So much of the hubbub in commercial real estate right now centers on “smart cities”—we’ve tracked the trend as much as anyone—but the truth likely lies closer to home. The fact is, suburbs across the country are positively humming with CRE activity, and they always have been. Wealth and activity have always flocked to the suburbs, so it’s a natural progression to look at “smart suburbs” as fertile ground for real progress and innovation in CRE.

On a recent panel at ICSC’s RECon, our own Ash Zandieh moderated alongside speakers from both Ollie and Envoy to discuss how there is no future CRE equation without factoring in the suburbs. Cities of the future, shopping of the future, and transportation of the future are all intertwined, and suburbs are benefiting from the shift.  

The 2017 American Housing Survey, 76,000 households nationwide, showed that “about 52 percent of people in the United States describe their neighborhood as suburban, while about 27 percent describe their neighborhood as urban, and 21 percent as rural,” according to CityLab. Even as trends show influxes moving into our busiest urban hubs, rising housing costs in the nation’s most popular cities are showing slowed growth. This has hastened a millennial exodus to suburban communities with populations over 50,000—think places like Frisco, Texas or Scottdale, Georgia—which now account for 14 of the 15 fastest-growing cities in the U.S. This rapid shift, however, has come at a cost. 

According to Valerie Bauerlein at The Wall Street Journal, “In an echo of the postwar baby boom, many U.S. suburbs are again suffering growing pains: not enough schools, too much traffic for two-lane roads, and scenic farmland plowed under for housing tracts.” 

As millennials continue to recover from the 2008 recession, which left many rooted in place—literally and figuratively—as they strained under the weight of job loss or stagnated growth at work, hefty costs of living in urban centers, and the ever-present student loan debt. As Bauerlein notes, “Many are belatedly getting married and heading to the suburbs, just as their parents and grandparents did.”

Suburbs, however, do not equate to simply subdivisions and single-family homes, as was once the primary association. Economists Barbara Byrne Denham and Victor Calanog noted thatFew recognize that the bulk of the apartment inventory is located in suburban submarkets, either within the city limits or outside. A quick look at the numbers shows that the ratio of suburban to CBD apartment stock is nearly 6:1.” This interplay is an important aspect of the urban/suburban divide in commercial real estate. Mixed use is showing its colors in the urban core, but the ‘burbs won’t be left behind—even if those ‘burbs begin to look different than those of past generations. 

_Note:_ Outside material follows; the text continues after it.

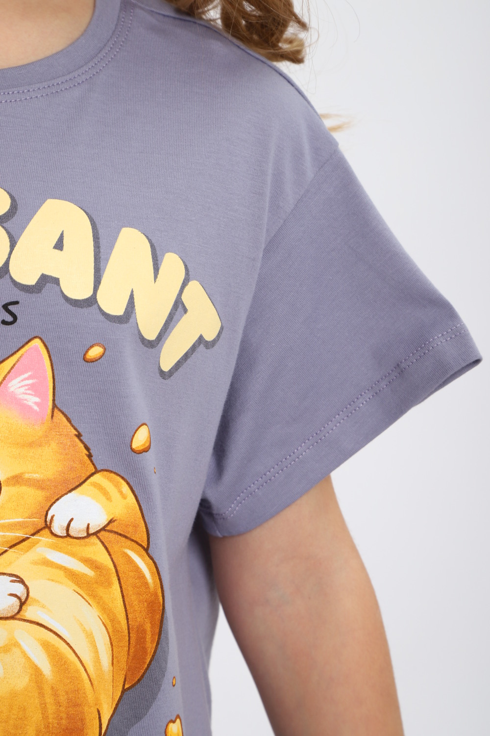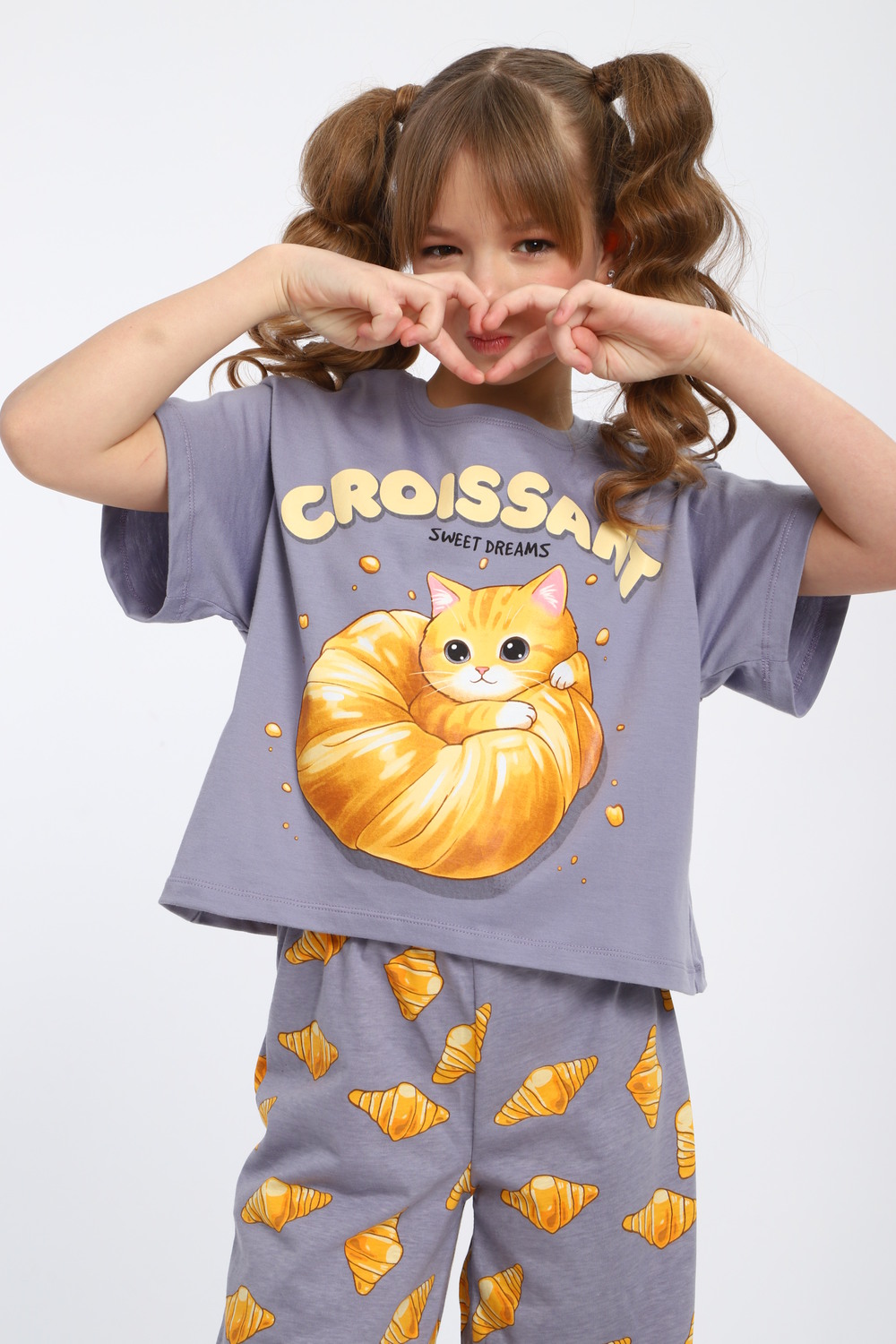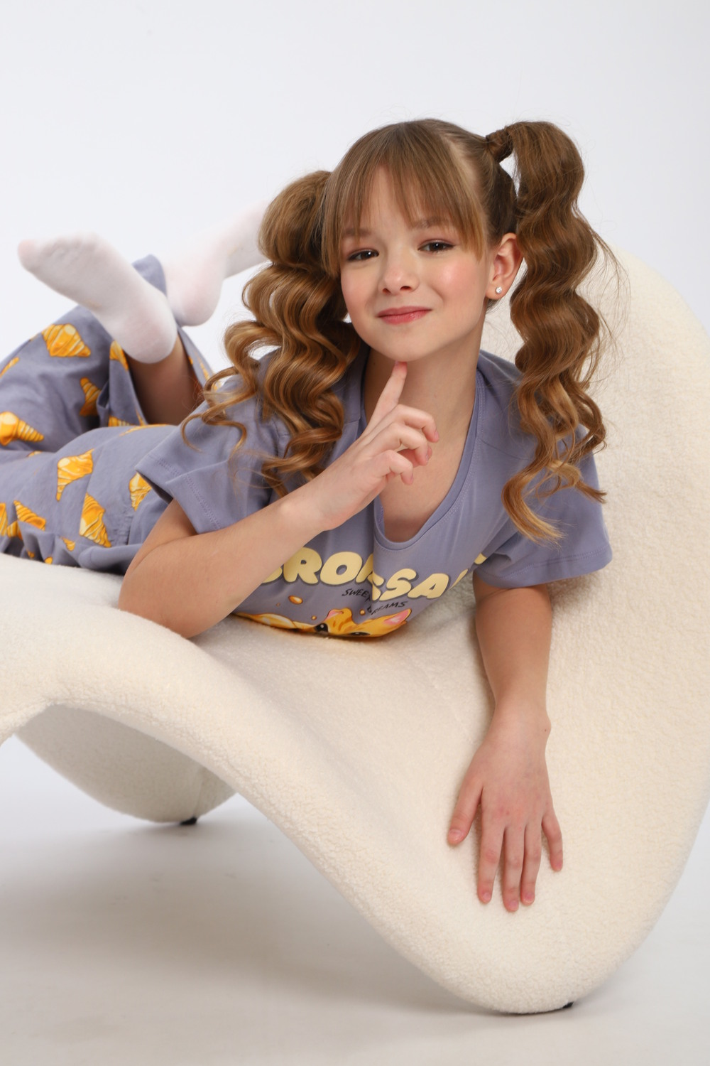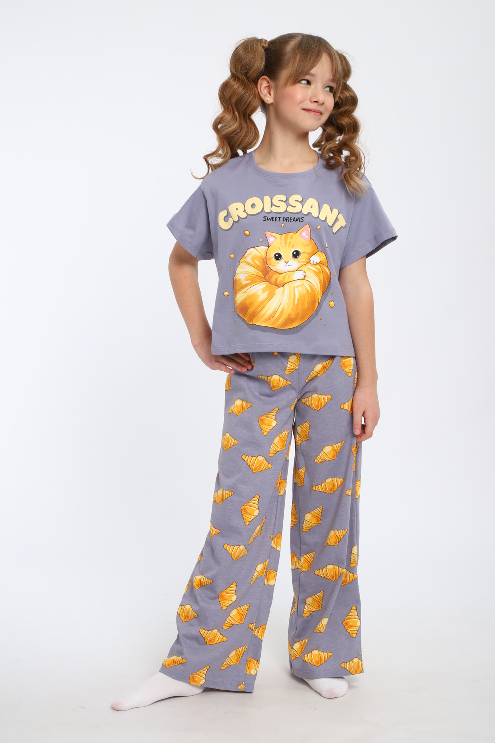 Комфортная пижама для девочки с оригинальным принтом. Пижама детская состоит из футболки забавным принтом и прямых брюк. Дизайн ткани позволяет использовать пижаму не только для сна, но и как костюм для дома. Модель пижамы не сковывает движения ребенка во время сна. Покрой футболки свободный, брюки классические без карманов. Пижама выполнена из 100% гипоаллергенного хлопка, что позволяет коже ребенка дышать во время сна.

To understand this shift, look no further than Bell Works (formerly the historic Bell Labs building). Coined as a “metroburb,” this campus functions as a microcosm of innovation, possibility, and inspiration. Offering all the elements of a great downtown (office space, retail, art, culture, dining, and more), it’s a “self-contained metropolis in a livable and accessible suburban location.” As more amenities are jammed into next generation developments and ecommerce growth soars, the more possible it is for the suburbs to feel more like an urban core.

It’s key to note that most of those observing suburban trends focus on the millennial pursuit of “suburban areas relatively close to the city, where they can still access the hottest sushi spots in town,” while caveating that this age cohort is still in a transition phase. It remains to be seen if true suburbia—those enclaves filled with strip malls, houses of worship, chain restaurants, and subdivisions—will ever resonate with millennials like they did for Baby Boomers. 

Writing for Inman, Patrick Kearns notes that of the 54 percent of respondents living in the suburbs, “33 percent live in cities and 13 percent live in exurbs”—when choosing what’s most important in their dream neighborhood, “the study found that most people want a grocery store, followed by public parks and a strong public school system. Shopping malls, theaters and houses of worship were the three least important attributes, according to respondents.” 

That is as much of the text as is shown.